365 оттенков серого: как цвет в одежде отражает тревожность нашей эпохи
Сейчас я понимаю, что должен был осознать свою проблему раньше. Единственное оправдание, которое я себе нахожу, — что на рефлексию зачастую требуется время, а одержимость осознается не быстро, даже если ее признаки повсюду.
Предстояла важная встреча, мне нужно было выглядеть как профессионал — редкая возможность, поскольку работа пишущего фрилансера предполагает ношение вещей, которые отыщутся на полу спальни, — все равно тебя никто не увидит.

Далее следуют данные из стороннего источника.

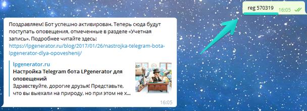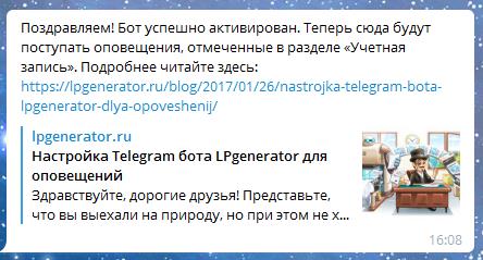 Воно означає, що бот успішно інтегрований з вашим акаунтом LPgenerator і тепер буде надсилати сповіщення.

Ничто другое не дарит мне такое ощущение собственного профессионализма, как покупка одежды с единственной целью — выглядеть профессионалом, потому я отправился на поиски новой рубашки. Я расхаживал вдоль полок магазина и хватал разные сорочки: приглушенных красных оттенков, бежевые, бледно-зеленые и нескольких оттенков серого. Затем я приступил к примерке. Спешно отбросил все не-серые рубашки. Потом провел полчаса, пытаясь понять, какая серая ткань, оттененная пуговицами чуть отличающегося оттенка серого, будет вернее других отражать наилучшую версию меня. Некоторые оттенки были слишком сливовыми, в них сквозил какой-то второй скрытый цвет. Другие — слишком металлическими, им недоставало глубины. Я выбрал две рубашки, после чего, чувствуя себя нелепо из-за собственной нерешительности, взял одну и заплатил за нее.

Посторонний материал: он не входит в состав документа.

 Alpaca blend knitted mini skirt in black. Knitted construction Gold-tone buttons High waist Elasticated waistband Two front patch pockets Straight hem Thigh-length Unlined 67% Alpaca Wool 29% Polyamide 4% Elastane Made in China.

Вернувшись домой и развернув рубашку, я заглянул в шкаф и обнаружил, что покупал почти такую же серую рубашку, может, на тон темнее, для своей предыдущей Важной Встречи. Разложенные рядом сорочки выглядели, как радуга дальтоника: оттенки серого монотонным хором вторили друг другу.
Невзирая на сходство, я даже не помыслил о том, чтобы вернуть новую рубашку в магазин. Она была идеальна.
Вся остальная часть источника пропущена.